Veterans do that work well. Not because service made them tough. Because many of them have already done crisis response, patient care, and one-on-one support under real pressure. Some also bring lived experience with their own recovery, which is the exact thing a peer support role is built around.
This guide is for behavioral health and community health employers. It covers which veterans fit these roles, how peer certification works, how to screen for fit, and how to read a military resume without missing the signal.
Why are veterans a strong fit for behavioral health and peer support work?
Start with what the work asks of a person. It asks for steady nerves, clear boundaries, and the ability to build trust fast. Veterans get reps in all three during service.
Medics, corpsmen, and behavioral health techs handle people on their worst day. Squad leaders and NCOs watch their people for signs of trouble. They spot the person who stops eating, stops talking, or stops showing up. That is the same skill a good peer specialist uses every shift.

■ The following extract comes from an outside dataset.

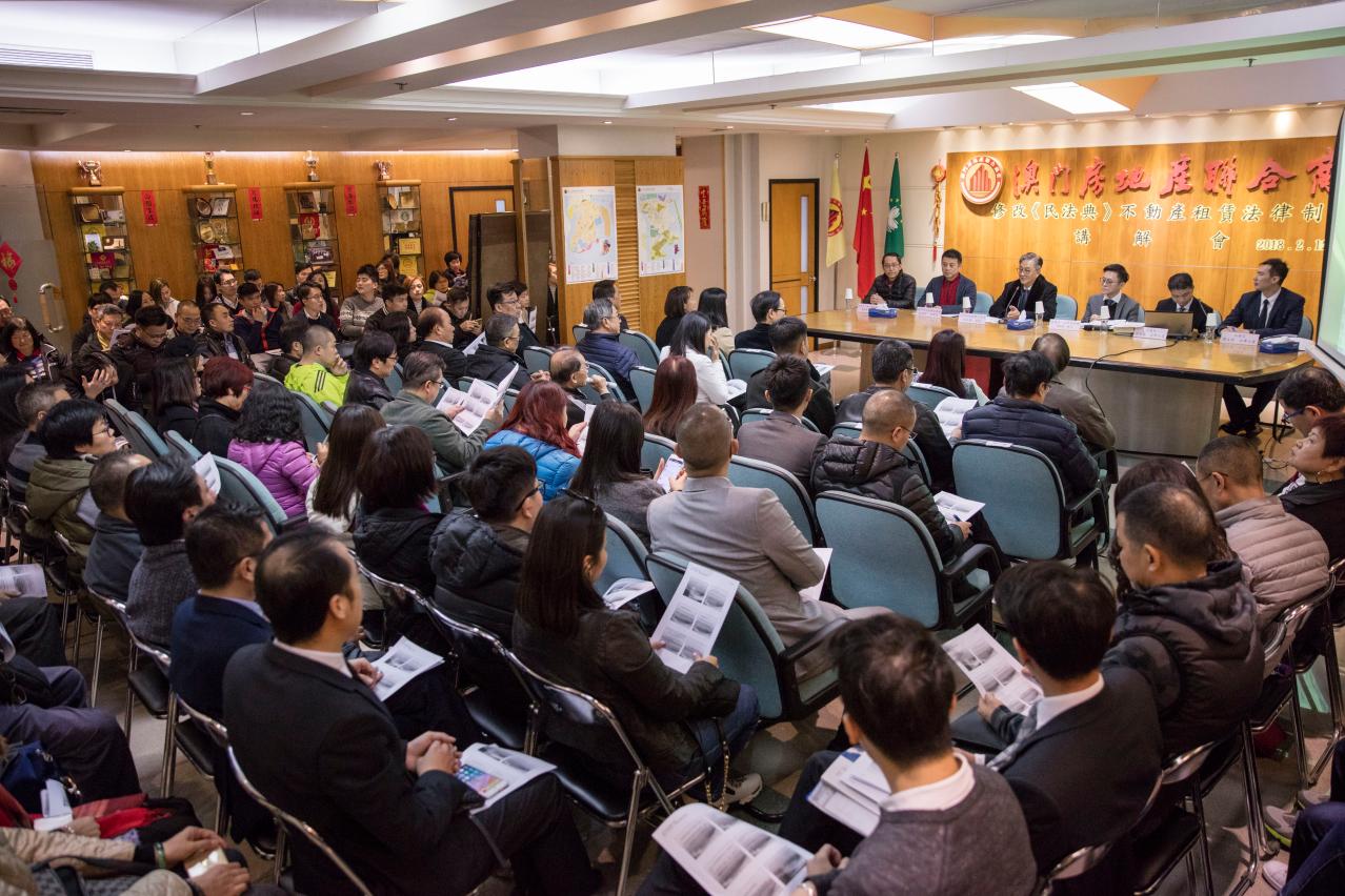 為了讓地產中介從業員了解將於2018年2月18日生效的第13/2017號法律《修改〈民法典〉不動產租賃法律制度》,法務局、房屋局、澳門房地產聯合商會合辦專題講解會。

There is also cultural fit. Many behavioral health clients are veterans themselves. A candidate who speaks the language builds trust that a civilian hire often cannot. That trust is what keeps a client coming back to treatment.

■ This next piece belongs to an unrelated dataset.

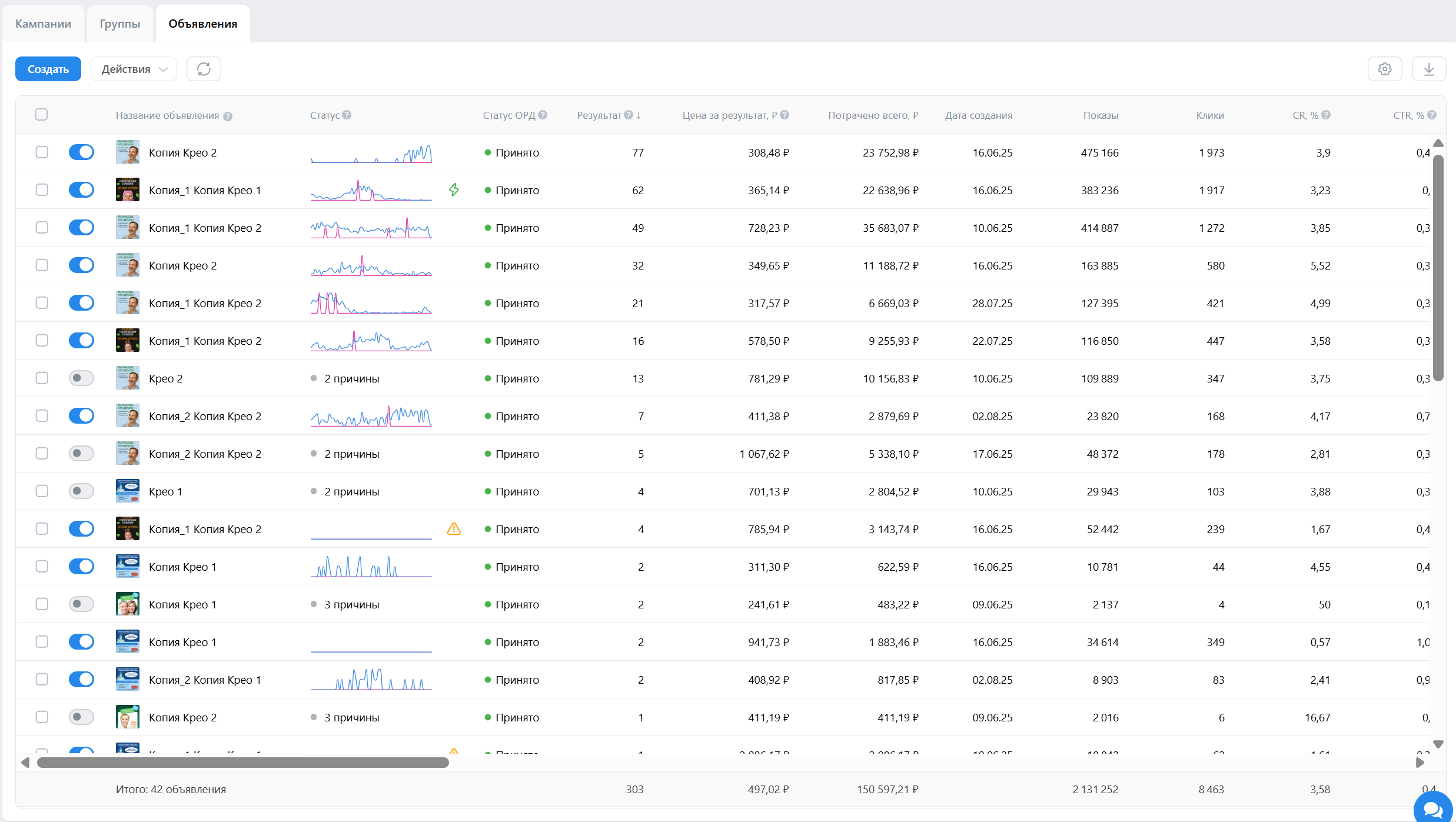 Скрины рекламного кабинета

Do not overlook the structure they bring either. Behavioral health work runs on documentation, schedules, and follow-through. Charts have to be right. Appointments have to be kept. Veterans are trained to do the boring parts well. In a field where a missed note can hurt a client, that discipline is worth a lot.
Retention is the other reason to look here. Behavioral health turnover is expensive. Every time a peer specialist quits, clients lose the one person they trusted. Veterans who find mission fit in this work tend to stay. They are used to hard jobs that matter, and this is one of them.
One caution. Do not frame veterans as damaged people who need a job. That is wrong and it will hurt your hiring. Frame lived experience as a professional asset when it is present. Frame military behavioral health work as real clinical support experience. Both are true. Neither one is a pity hire.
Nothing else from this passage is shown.